The material below includes pictures; leave them out and return only the lines between the line containing "Ukrayna Genelkurmay Başkanlığı, Rus" and the line containing "メニューとしては、ハンバーグ", inclusive, word for word.

◆ Supplied entries ◆
= = = =

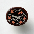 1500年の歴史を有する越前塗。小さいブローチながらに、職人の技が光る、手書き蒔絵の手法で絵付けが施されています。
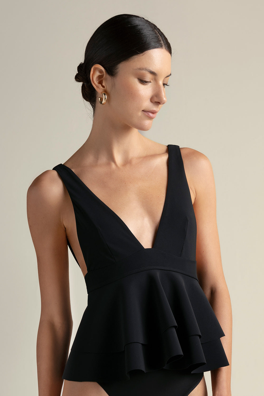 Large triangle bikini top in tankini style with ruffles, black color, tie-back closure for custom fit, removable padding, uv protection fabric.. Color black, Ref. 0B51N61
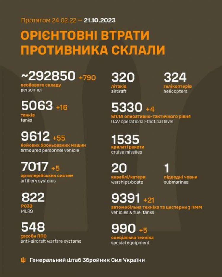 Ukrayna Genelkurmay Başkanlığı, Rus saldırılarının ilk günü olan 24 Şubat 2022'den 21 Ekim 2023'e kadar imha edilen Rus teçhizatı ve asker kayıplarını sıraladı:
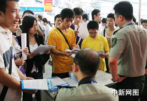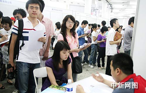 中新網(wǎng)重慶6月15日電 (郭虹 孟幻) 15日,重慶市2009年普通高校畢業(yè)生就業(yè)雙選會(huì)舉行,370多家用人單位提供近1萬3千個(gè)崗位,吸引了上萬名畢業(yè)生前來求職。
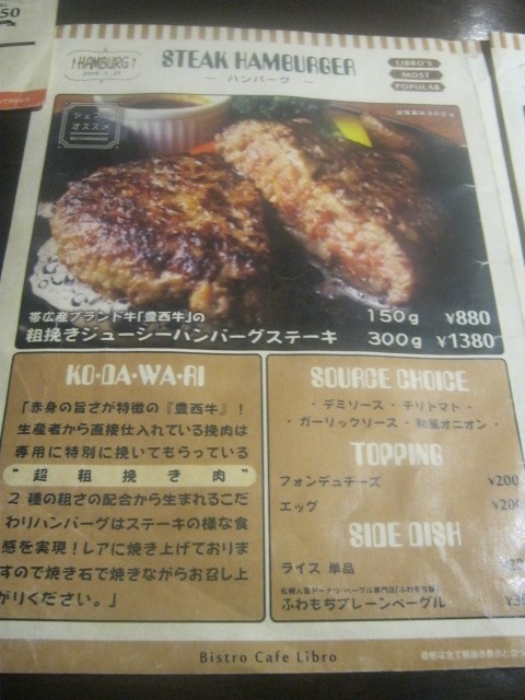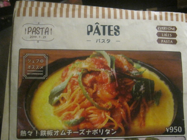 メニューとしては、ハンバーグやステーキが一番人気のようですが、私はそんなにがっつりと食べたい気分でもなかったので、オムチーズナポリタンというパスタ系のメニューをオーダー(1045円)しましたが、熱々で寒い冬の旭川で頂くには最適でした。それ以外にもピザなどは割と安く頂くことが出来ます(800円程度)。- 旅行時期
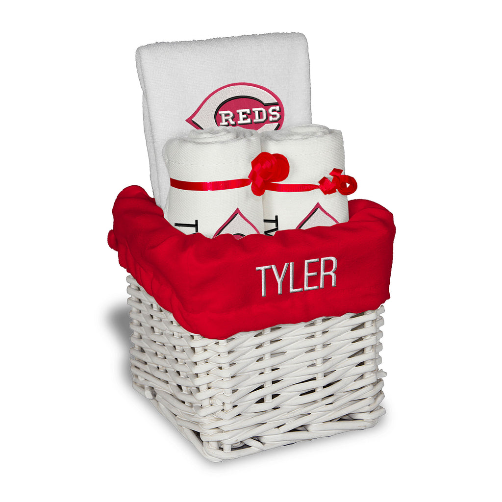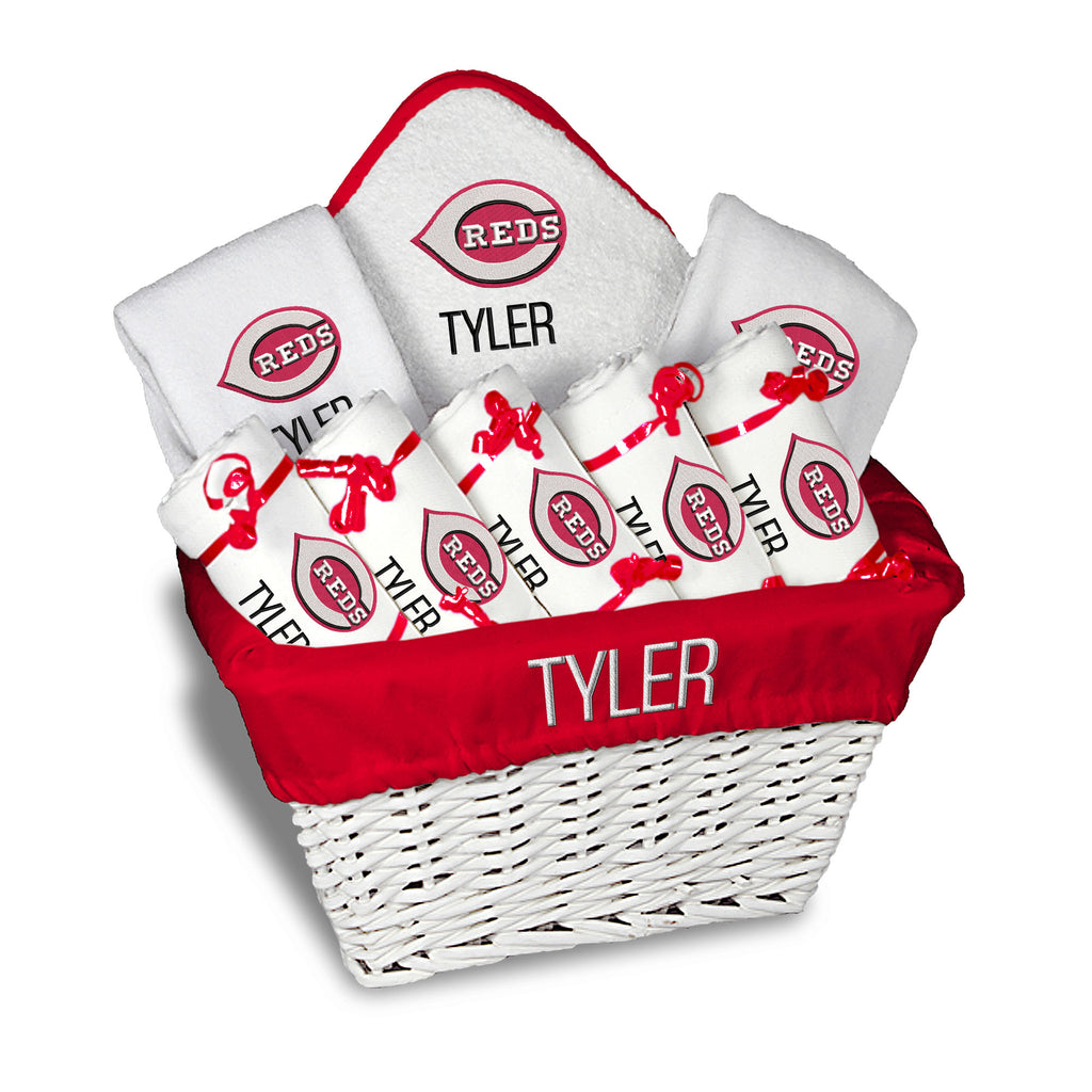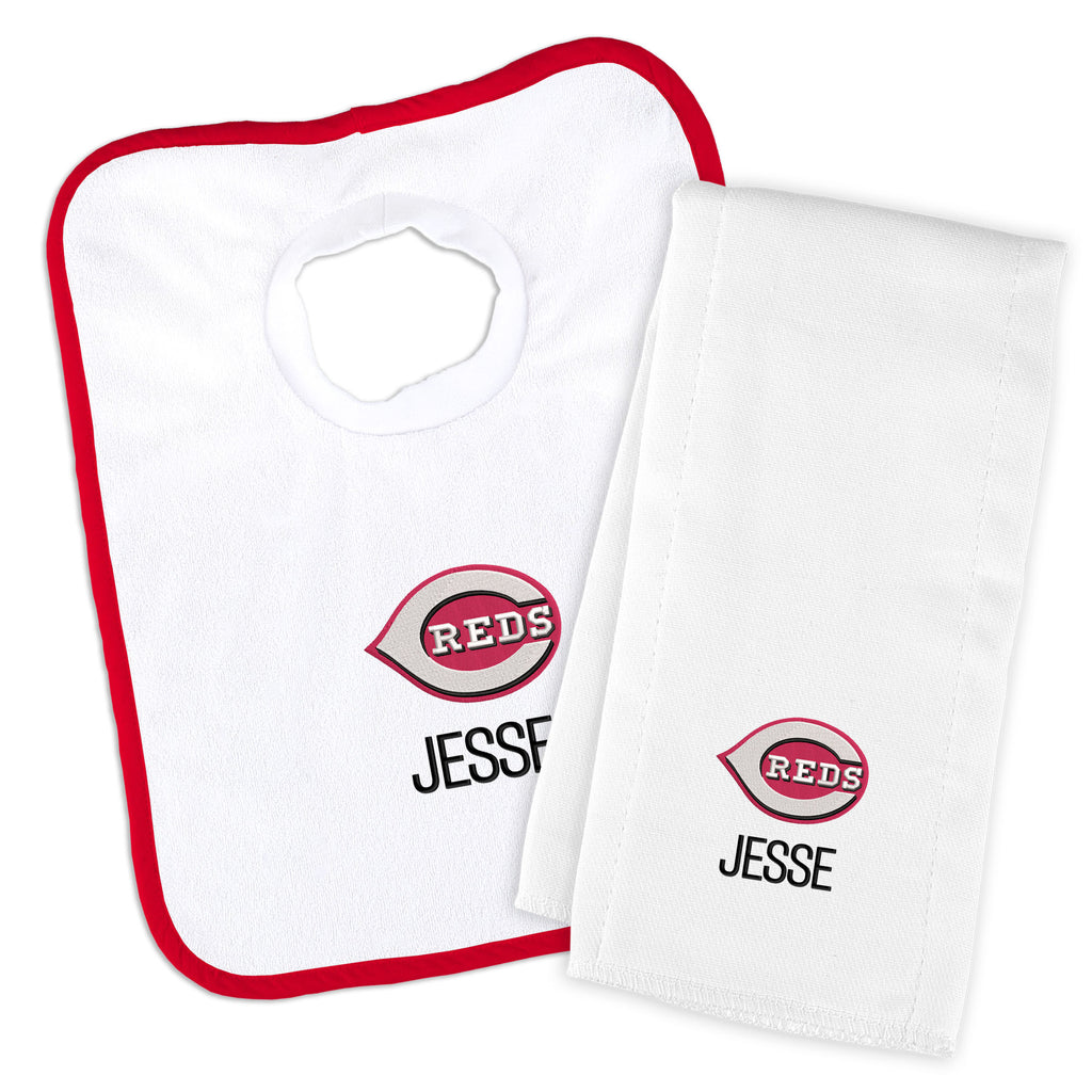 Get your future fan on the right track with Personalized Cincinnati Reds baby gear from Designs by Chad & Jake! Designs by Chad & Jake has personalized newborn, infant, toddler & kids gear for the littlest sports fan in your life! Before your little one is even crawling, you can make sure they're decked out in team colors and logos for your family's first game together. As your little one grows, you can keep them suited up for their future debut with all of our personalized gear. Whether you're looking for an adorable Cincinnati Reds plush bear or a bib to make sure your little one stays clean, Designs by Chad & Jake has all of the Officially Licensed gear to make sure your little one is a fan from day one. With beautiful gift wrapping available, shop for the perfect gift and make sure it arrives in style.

= = = =

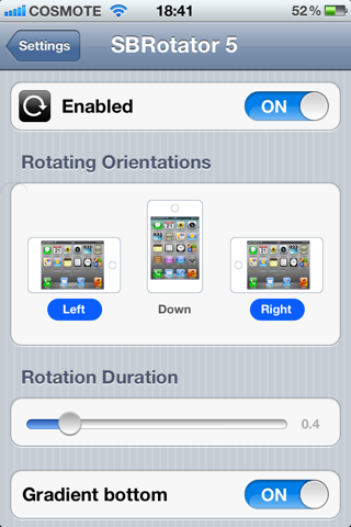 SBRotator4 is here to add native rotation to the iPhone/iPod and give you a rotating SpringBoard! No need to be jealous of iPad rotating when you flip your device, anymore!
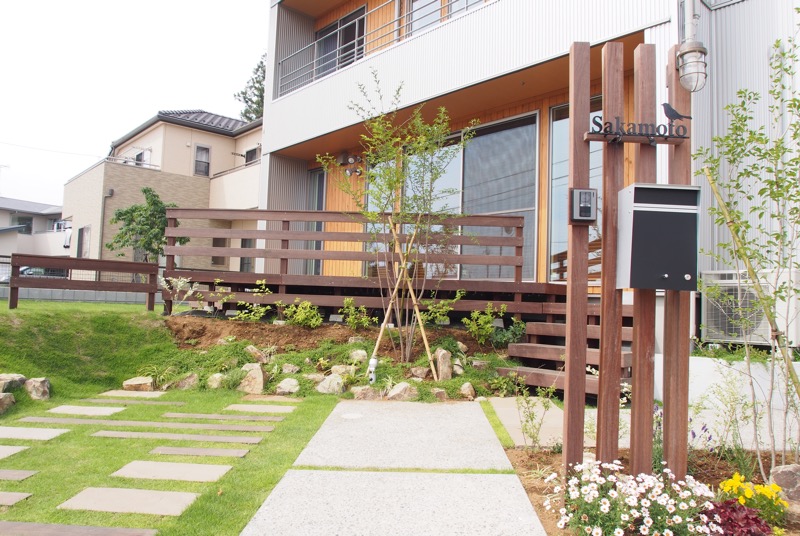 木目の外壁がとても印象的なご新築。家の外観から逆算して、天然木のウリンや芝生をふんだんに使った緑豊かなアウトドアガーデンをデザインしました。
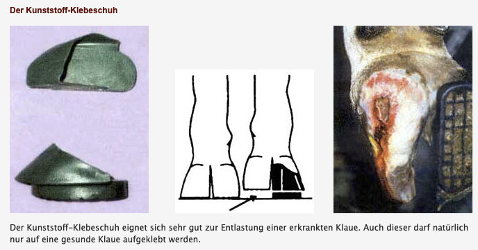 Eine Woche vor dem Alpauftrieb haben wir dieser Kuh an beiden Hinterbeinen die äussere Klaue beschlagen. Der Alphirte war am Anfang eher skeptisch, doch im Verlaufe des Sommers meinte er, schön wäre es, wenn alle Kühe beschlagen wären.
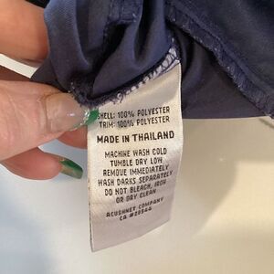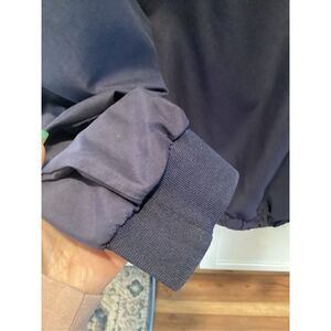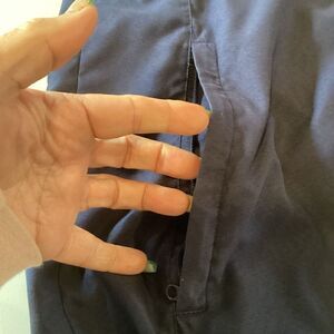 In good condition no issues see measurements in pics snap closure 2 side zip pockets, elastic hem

= = = =

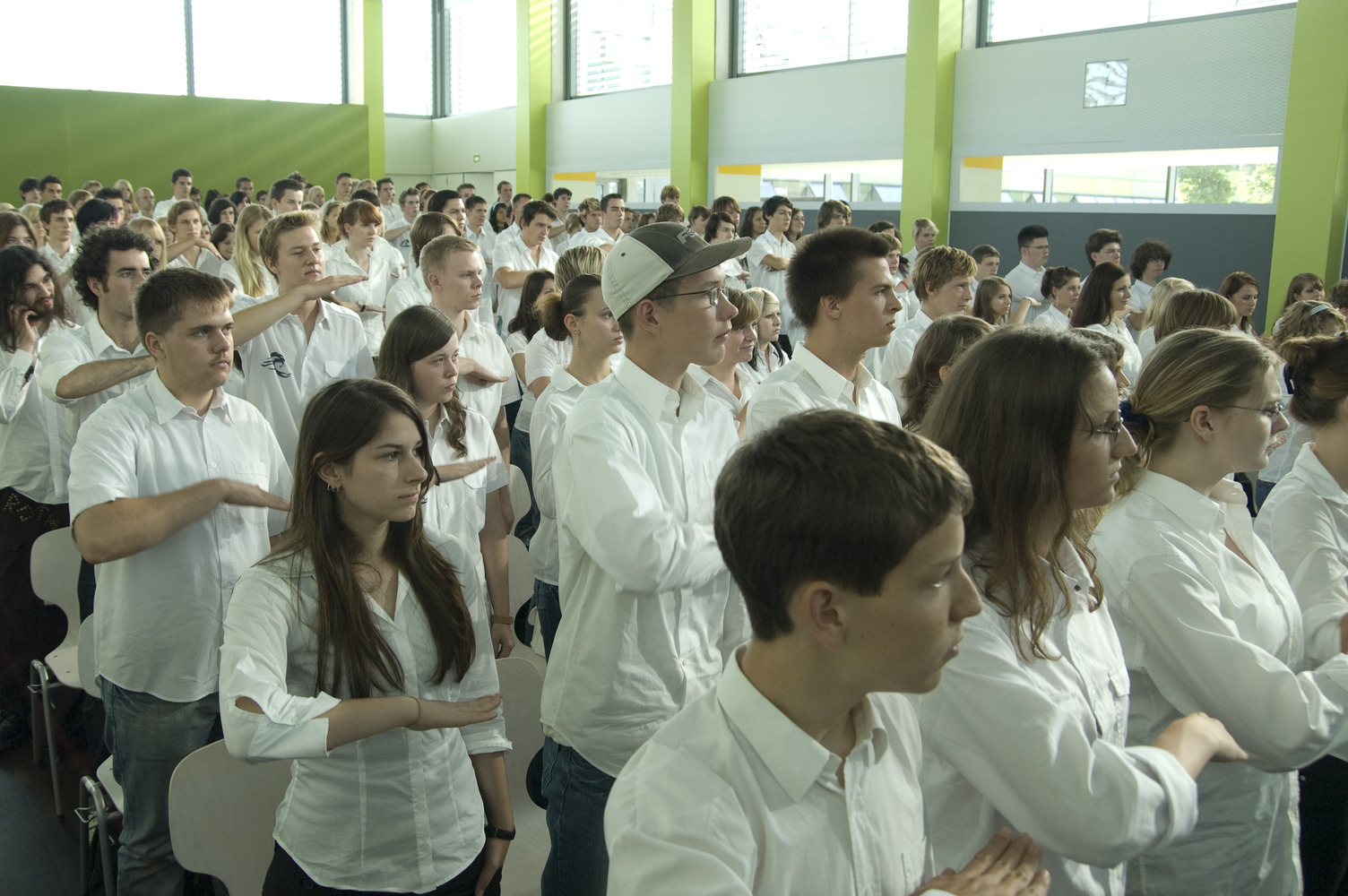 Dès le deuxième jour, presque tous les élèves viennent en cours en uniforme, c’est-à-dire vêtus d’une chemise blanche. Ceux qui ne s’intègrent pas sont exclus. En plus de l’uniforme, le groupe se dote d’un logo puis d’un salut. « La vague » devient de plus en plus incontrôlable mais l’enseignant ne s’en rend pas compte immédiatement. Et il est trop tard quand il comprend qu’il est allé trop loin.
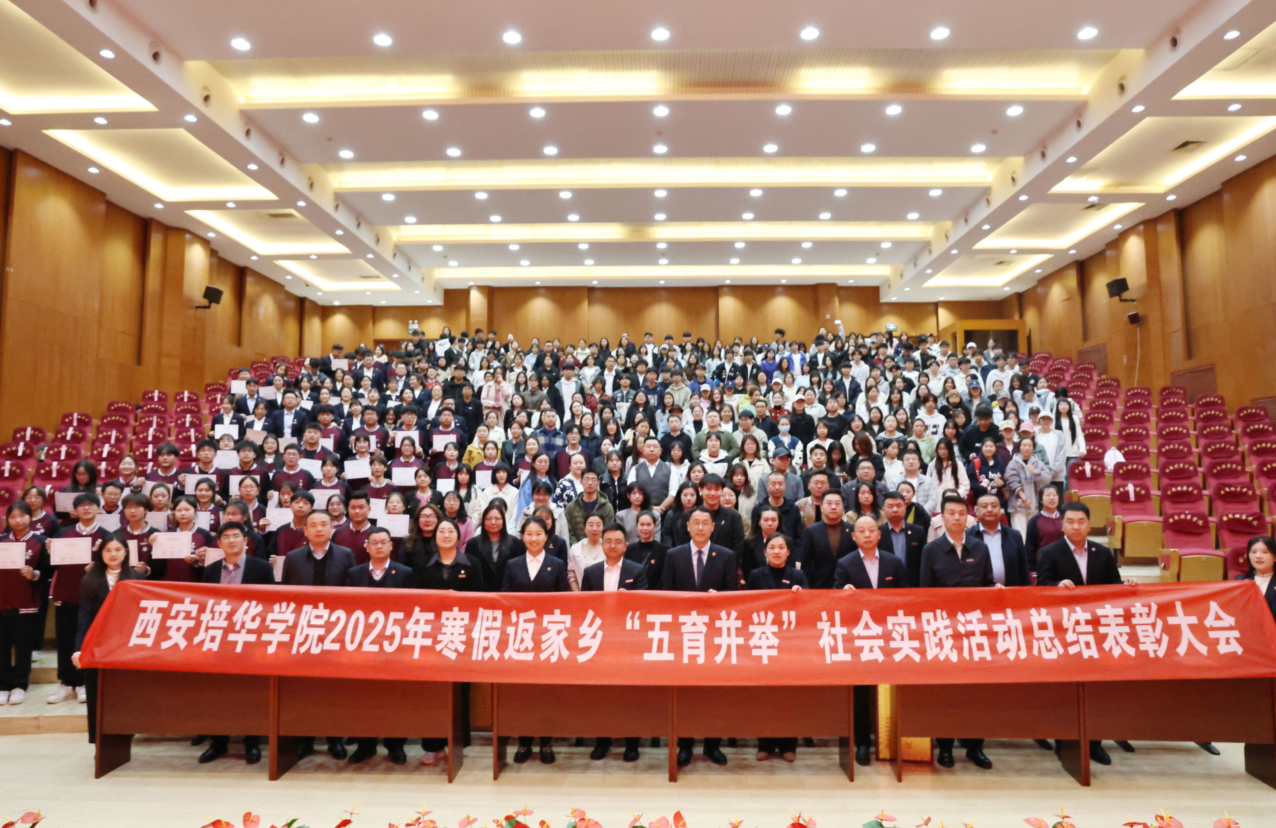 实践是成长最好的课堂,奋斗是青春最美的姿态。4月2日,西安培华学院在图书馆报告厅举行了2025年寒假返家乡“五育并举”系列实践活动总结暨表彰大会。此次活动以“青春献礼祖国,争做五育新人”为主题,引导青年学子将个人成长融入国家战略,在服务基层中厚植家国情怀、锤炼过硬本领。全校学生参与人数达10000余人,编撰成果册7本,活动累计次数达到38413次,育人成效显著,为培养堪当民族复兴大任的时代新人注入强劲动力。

= = = =

◆ Answer to this problem ◆
 Ukrayna Genelkurmay Başkanlığı, Rus saldırılarının ilk günü olan 24 Şubat 2022'den 21 Ekim 2023'e kadar imha edilen Rus teçhizatı ve asker kayıplarını sıraladı:
 中新網(wǎng)重慶6月15日電 (郭虹 孟幻) 15日,重慶市2009年普通高校畢業(yè)生就業(yè)雙選會(huì)舉行,370多家用人單位提供近1萬3千個(gè)崗位,吸引了上萬名畢業(yè)生前來求職。
 メニューとしては、ハンバーグやステーキが一番人気のようですが、私はそんなにがっつりと食べたい気分でもなかったので、オムチーズナポリタンというパスタ系のメニューをオーダー(1045円)しましたが、熱々で寒い冬の旭川で頂くには最適でした。それ以外にもピザなどは割と安く頂くことが出来ます(800円程度)。- 旅行時期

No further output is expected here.